• _Material provided_:

---

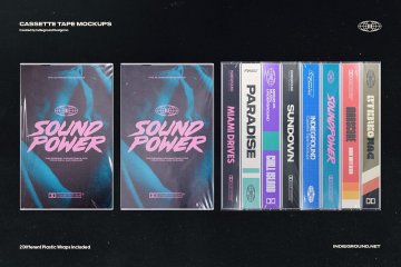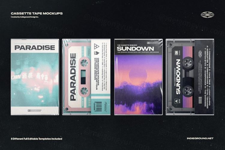 8 个 PSD 文件,每个文件都有不同的可编辑盒式标签模板
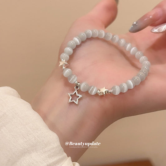 A廠【HB4147】貓眼石串珠星星吊墜手鍊夏日小清新時尚簡約手串手環小眾設計感女 25.06-4
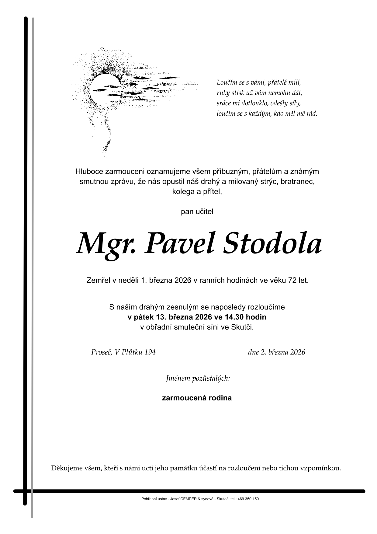 oznamujeme všem, že nás opustil náš drahý kolega Pavel Stodola.
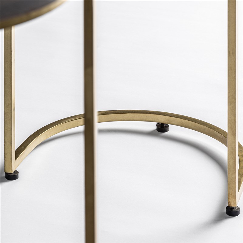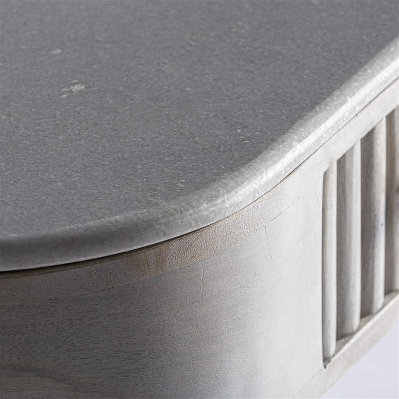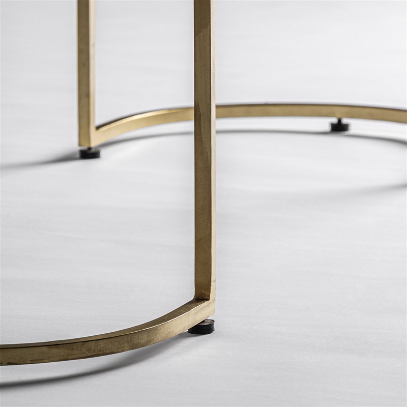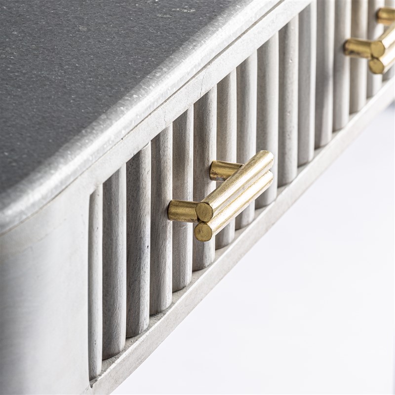 Consola glees, de estilo art deco. Fabricado en madera de mango, en color crema, combinado con hierro, en color oro y latón. Producto desmontable.

---

• _Work required_: The response has to be an exact copy of all the data, pictures excluded.

• _Answer to the problem_:
 8 个 PSD 文件,每个文件都有不同的可编辑盒式标签模板
 A廠【HB4147】貓眼石串珠星星吊墜手鍊夏日小清新時尚簡約手串手環小眾設計感女 25.06-4
 oznamujeme všem, že nás opustil náš drahý kolega Pavel Stodola.
 Consola glees, de estilo art deco. Fabricado en madera de mango, en color crema, combinado con hierro, en color oro y latón. Producto desmontable.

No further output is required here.